TASK DETAILS
Your reply must hold the lines from the one containing "The extraordinary Blue" to the end of the entries, copied exactly, with pictures excluded.

[Data extracted from a collection]

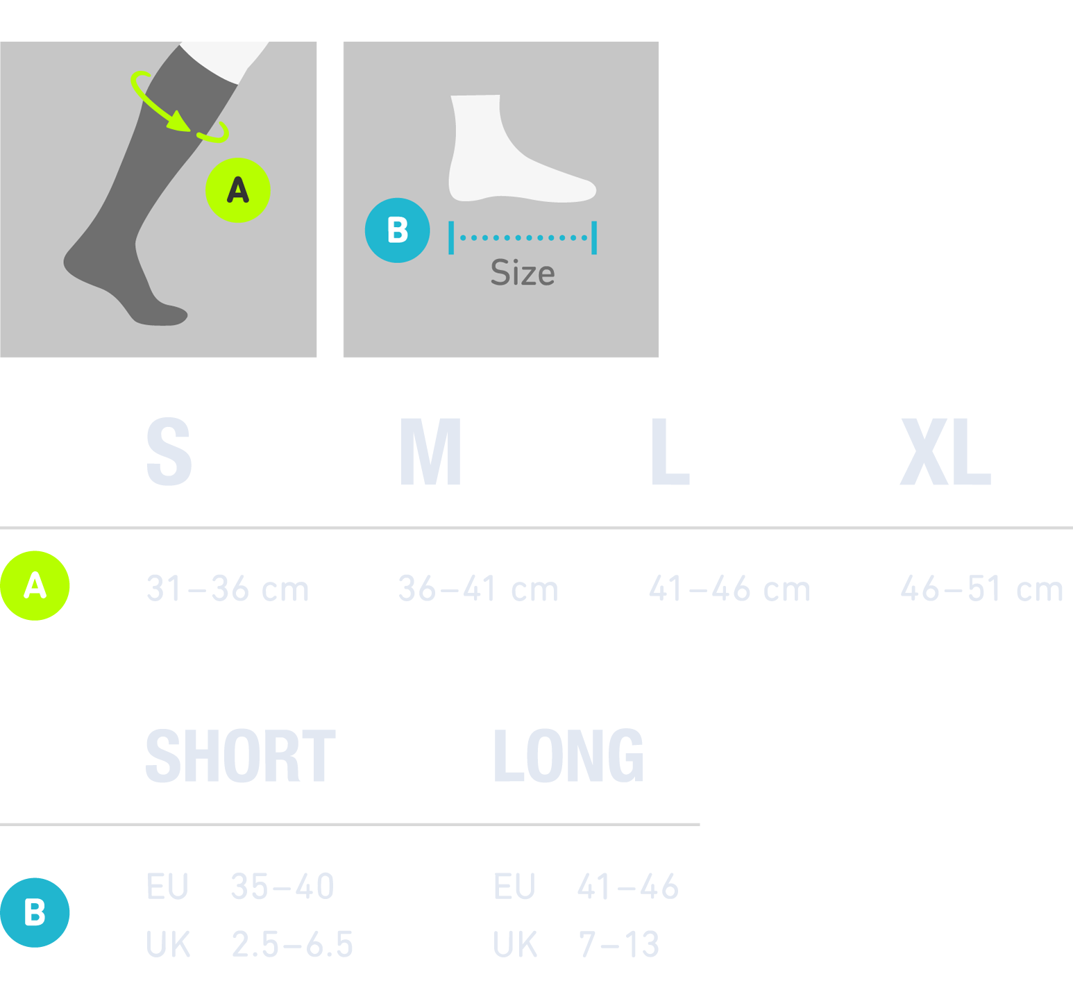 A) Measure the circumference of your calf at the largest point. B) Use your standard shoe size to determine the length of your socks.
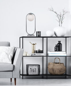Πρόκειται για ένα φωτιστικό κατασκευασμένο από χρώμιο μέταλλο και λευκή οπαλίνα. Το φως διαχέεται ομοιόμορφα.
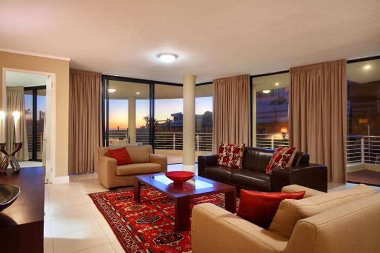 The extraordinary Blue Waters Apartment building is surrounded by electric fencing and high security gates, with two bays of undercover secure parking and friendly reception to greet you when entering the lush greenery of the hallways. You will see that your safety is always guaranteed. Entering the spacious living area that’s almost fully surrounded by glass doors walking out on the massive wrap-around balcony the view of Table Mountain and Robben Island will let you see what makes Cape Town so special.
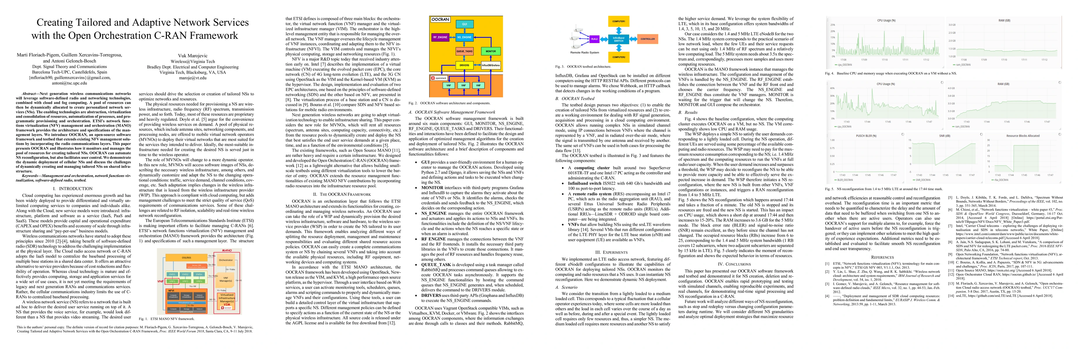 This paper introduces OOCRAN, an open-source framework extending NFV MANO to manage radio communications layers, enabling dynamic allocation and orchestration of resources for personalized network services. It highlights the challenges and benefits of creating adaptive network services on shared infrastructure.
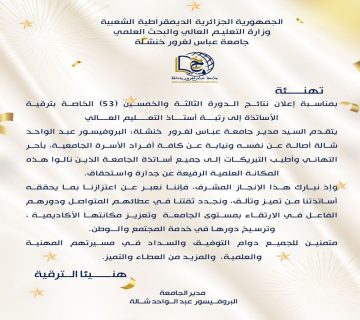 تعلن جامعة عباس لغرور خنشلة عن فتح باب الترشح للاستفادة من برنامج الحركية قصيرة المدى بالخارج بعنوان السنة المالية 2026 لفائدة الأساتذة الباحثين، طلبة الدكتوراه غير الأجراء والموظفين التقنيين والإداريين ابتداءا من يوم:05 فيفري2026إلى غاية يوم: 19 فيفري 2026 (الساعة منتصف الليل). يتم الترشح حاليا وفق معايير الانتقاء المحددة في القرار الوزاري رقم 255 المؤرخ في 25 فبراير2024 .
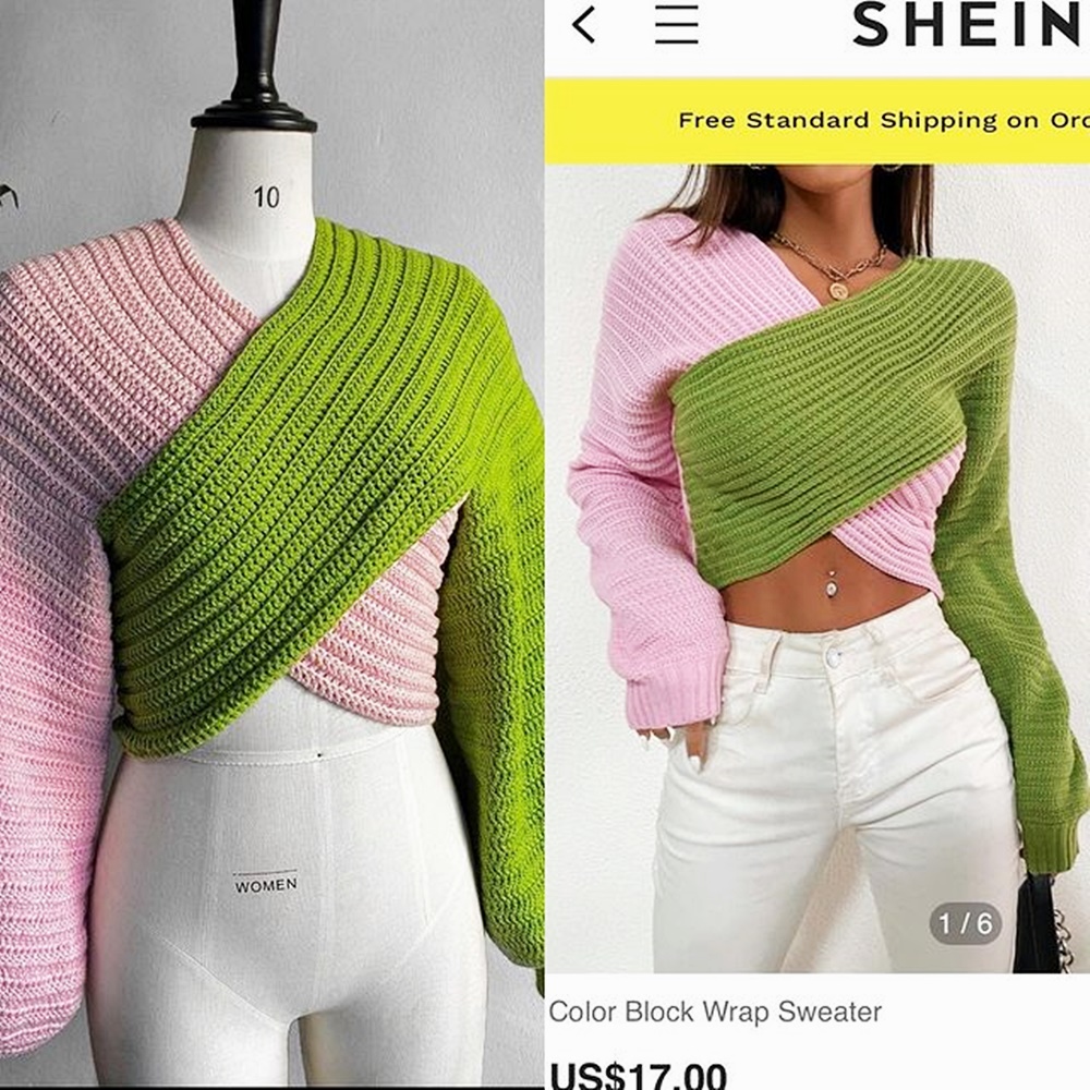 그리고 또 하나의 디자인 도용 사례가 발각되며 큰 화제가 되고 있습니다. 이번에 디자인을 도용한 곳은 중국에 본사를 두고 있는 글로벌 패션 브랜드 쉬인(Shein)입니다. 얼마 전 엘렉시아이(Elexiay)라는 이름의 나이지리아 영세 브랜드에서는 자사의 SNS에 자사에서 만든 330달러짜리 스웨터와 쉬인에서 판매하고 있는 17달러짜리 스웨터의 이미지를 나란히 비교해서 올렸습니다. 그리고 '쉬인에서 디자인을 훔쳤다'라고 밝혔습니다.
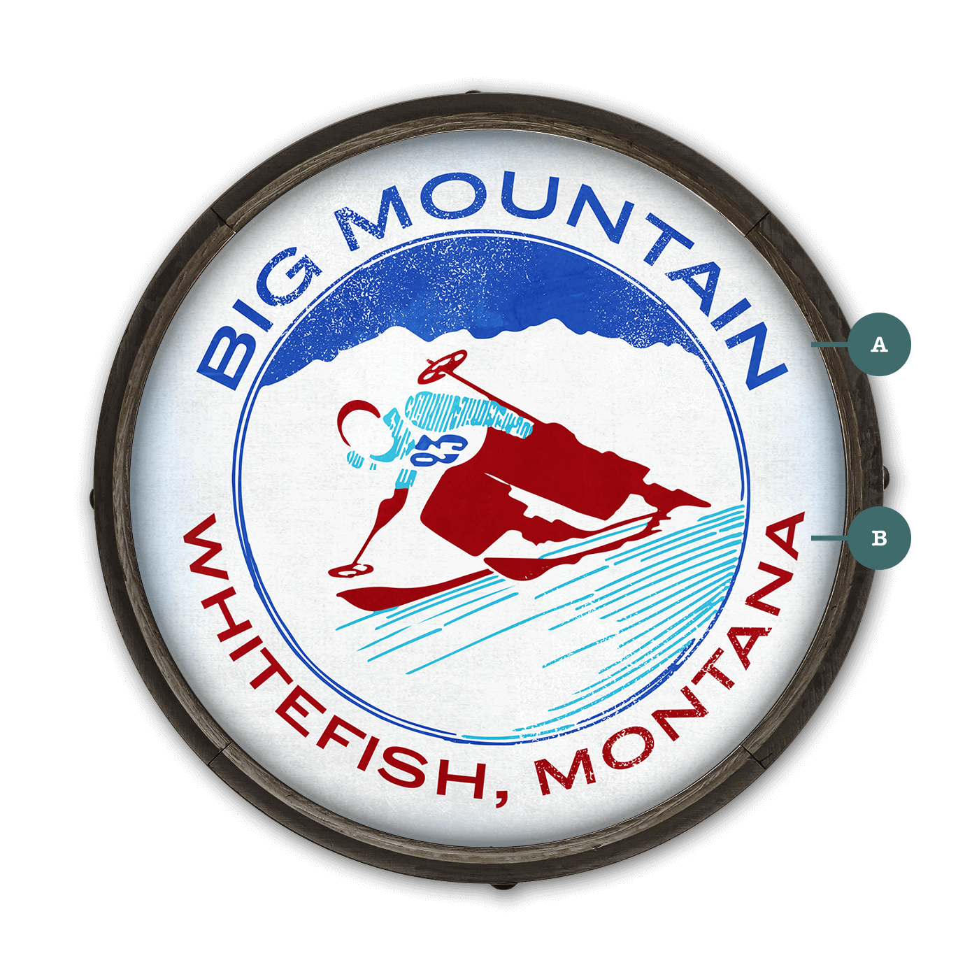 This bold and dynamic artwork celebrates the exhilarating spirit of alpine skiing with its vibrant retro design. Featuring a skier in mid-action framed by a majestic mountain backdrop, it captures the thrill of carving down snowy slopes. The clean lines, patriotic color palette, and vintage typography evoke a timeless charm, perfect for ski enthusiasts and lovers of mountain culture. Whether displayed in a lodge, cabin, or recreational space, this piece brings the energy and excitement of the slopes to life.

EXPECTED OUTPUT
 The extraordinary Blue Waters Apartment building is surrounded by electric fencing and high security gates, with two bays of undercover secure parking and friendly reception to greet you when entering the lush greenery of the hallways. You will see that your safety is always guaranteed. Entering the spacious living area that’s almost fully surrounded by glass doors walking out on the massive wrap-around balcony the view of Table Mountain and Robben Island will let you see what makes Cape Town so special.
 This paper introduces OOCRAN, an open-source framework extending NFV MANO to manage radio communications layers, enabling dynamic allocation and orchestration of resources for personalized network services. It highlights the challenges and benefits of creating adaptive network services on shared infrastructure.
 تعلن جامعة عباس لغرور خنشلة عن فتح باب الترشح للاستفادة من برنامج الحركية قصيرة المدى بالخارج بعنوان السنة المالية 2026 لفائدة الأساتذة الباحثين، طلبة الدكتوراه غير الأجراء والموظفين التقنيين والإداريين ابتداءا من يوم:05 فيفري2026إلى غاية يوم: 19 فيفري 2026 (الساعة منتصف الليل). يتم الترشح حاليا وفق معايير الانتقاء المحددة في القرار الوزاري رقم 255 المؤرخ في 25 فبراير2024 .
 그리고 또 하나의 디자인 도용 사례가 발각되며 큰 화제가 되고 있습니다. 이번에 디자인을 도용한 곳은 중국에 본사를 두고 있는 글로벌 패션 브랜드 쉬인(Shein)입니다. 얼마 전 엘렉시아이(Elexiay)라는 이름의 나이지리아 영세 브랜드에서는 자사의 SNS에 자사에서 만든 330달러짜리 스웨터와 쉬인에서 판매하고 있는 17달러짜리 스웨터의 이미지를 나란히 비교해서 올렸습니다. 그리고 '쉬인에서 디자인을 훔쳤다'라고 밝혔습니다.
 This bold and dynamic artwork celebrates the exhilarating spirit of alpine skiing with its vibrant retro design. Featuring a skier in mid-action framed by a majestic mountain backdrop, it captures the thrill of carving down snowy slopes. The clean lines, patriotic color palette, and vintage typography evoke a timeless charm, perfect for ski enthusiasts and lovers of mountain culture. Whether displayed in a lodge, cabin, or recreational space, this piece brings the energy and excitement of the slopes to life.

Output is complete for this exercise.